2. Captcha stands for "Completely Automated Public Turing
test to tell Computers and Humans Apart". The phrase
was first used around 2000 by Luis von Ahn, Manuel
Blum, Nicholas Hopper, and John Langford of the
Carnegie Mellon University.
Turing means a repeatable test of a computer's ability to
act with human-like intelligence. If a computer can fool a
human into thinking they are communicating with another
human, the machine passes the test. The test was
introduced by Alan Turing in his 1950 paper, "Computing
Machinery and Intelligence".
3. A Captcha or a challenge system, is a test to see if you are
human. It is most often text, pictures, or sounds, that the
automated computer or robots cannot understand. In the
beginning, such tests screened out people with vision
problems, hearing problems, small children, and people
with mental challenges.
Now, many Captcha or challenge systems only allow
people with perfect vision, perfect hearing, and people
who can figure out a specific computer puzzle. In the old
(pre-2007) days, the tests were usually simple.

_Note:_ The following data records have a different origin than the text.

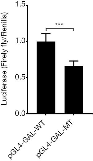 SNP in the GAL promoter, g.1170C>T, together with the side sequence formed to a potential transcriptional start site (TSS)—GTCACC. Therefore, we cloned the promoter of GAL including the TSS into the dual luciferase reporter system whose original Kozak site was deleted by Nco I restriction endonuclease. Vectors were transfected into the 293T cell. The assay results showed firefly/Rellina luciferase signal ratio in pGL4-GAL-MT group is weaker than WT group (0.58±0.10 vs. 1.00±0.18, P<0.005, Figure 6), it indicated the mutation of GAL DNA sequence would decrease the transcription of firefly gene after it.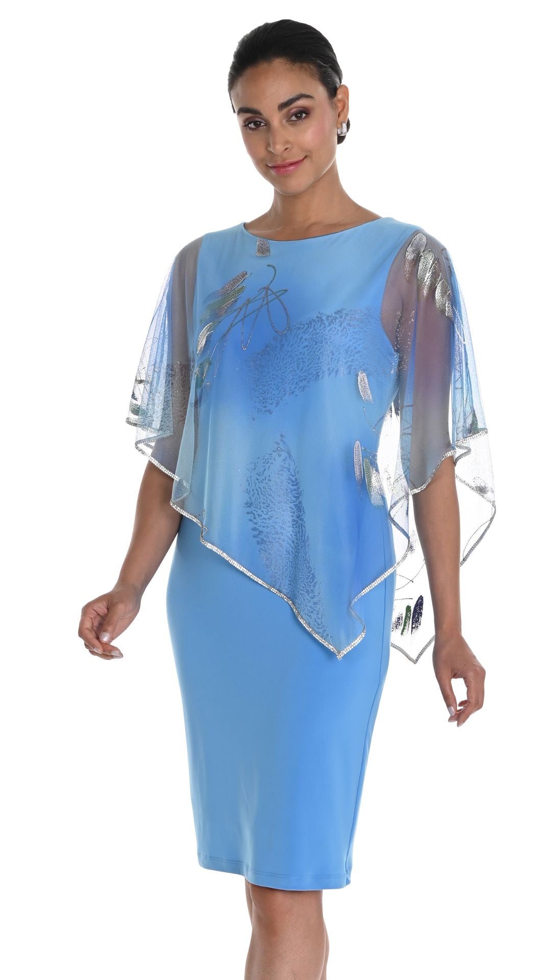 Abstract Brush Stroke Chiffon Cape Overlay Dress. Style FL258208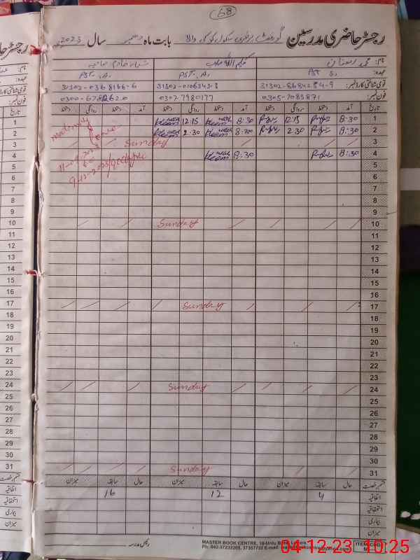 | Name: MU**** RA**** Designation: (School Headmaster's/Headmistress's) PST/PTC/JV Phone/Cell Number: 03**** |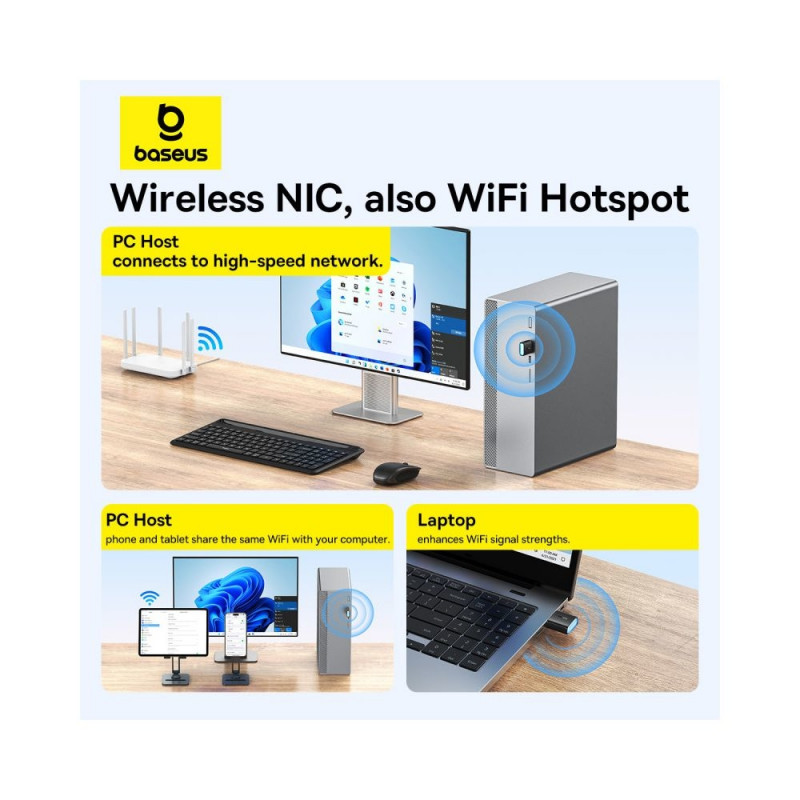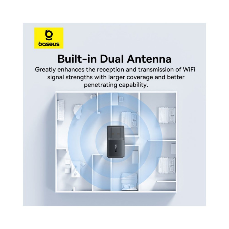 Baseus BS-OH169 USB võrgukaart toetab traadita ühendust kuni 20 dBm võimsusega. See võimaldab andmete edastamist kuni 300 Mb/s sagedusalas 2,4 GHz. Tänu väikestele mõõtmetele ja kergele kaalule mahub adapter seljakotti, kotti või käekotti. See on ühilduv mis tahes Linuxi või Windowsi operatsioonisüsteemiga arvutiga.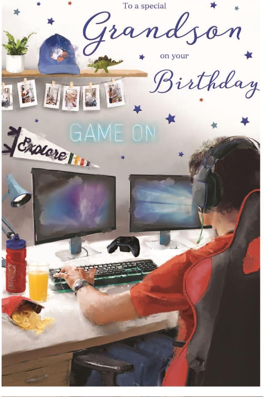 IC&G Special Grandson Birthday Card - Computer Gamer with Headphones and Snacks with a Foil Finish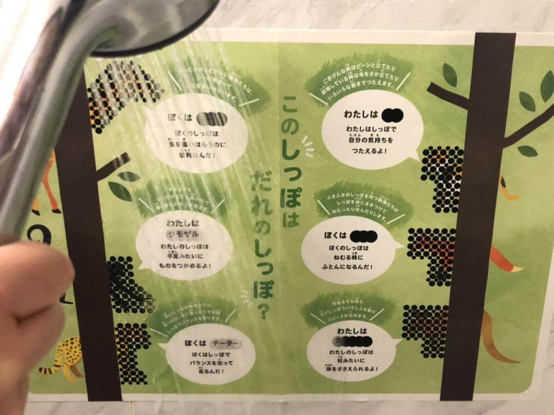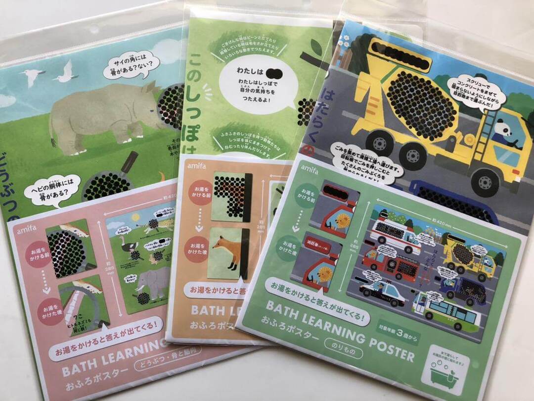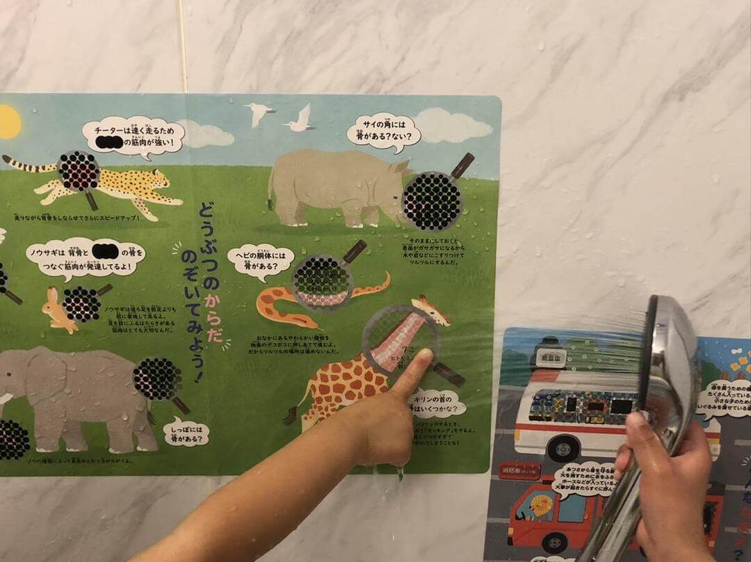 3歳の娘は、「黒い丸が消えるのがおもしろい!」と言うだけあって、ひたすらポスターにお湯をかけて楽しんでいました。 親が体を洗っている間も楽しく遊ぶことができ、いつも以上にお風呂タイムが楽しめた様子。

4. Simple is what is needed. When one visits Captcha.net,
they see a simple example that almost anyone can solve.
The problem is, that these days, the actual tests are
designed to defeat optical character readers (OCRs).
The words or numbers are garbled so much that the
average person has to retry a few times.
5. When I say garbled, I mean not even a teenager can figure out
what it says most of the time. It is time to move back to simple
Turing tests such as adding two numbers, or a simple
distortion of some text, or asking someone to pick all the
names from a list of words.
To make matters worse, great effort went into making an
alternative for people with vision problems. There is often an
"audio" button where you can listen instead of read. Try it
sometime, and see for yourself how "understandable" the
audio is to you. And of course, you cannot be on the phone,
on Skype, watching TV, or listening to anyone or anything
else while taking audio tests on web sites.
6. One benefit of so many web sites using Captcha or other
challenge systems, is that at least one company, reCaptcha,
used test results to help improve OCR on computer systems
that scan and read old books and text. Google bought
reCaptcha in 2009. Good for them, let's make sure it is good
for web surfers too.
When Captcha or challenge systems are too difficult, most
people must try several times, and people with vision
problems - forget about it. That is not right.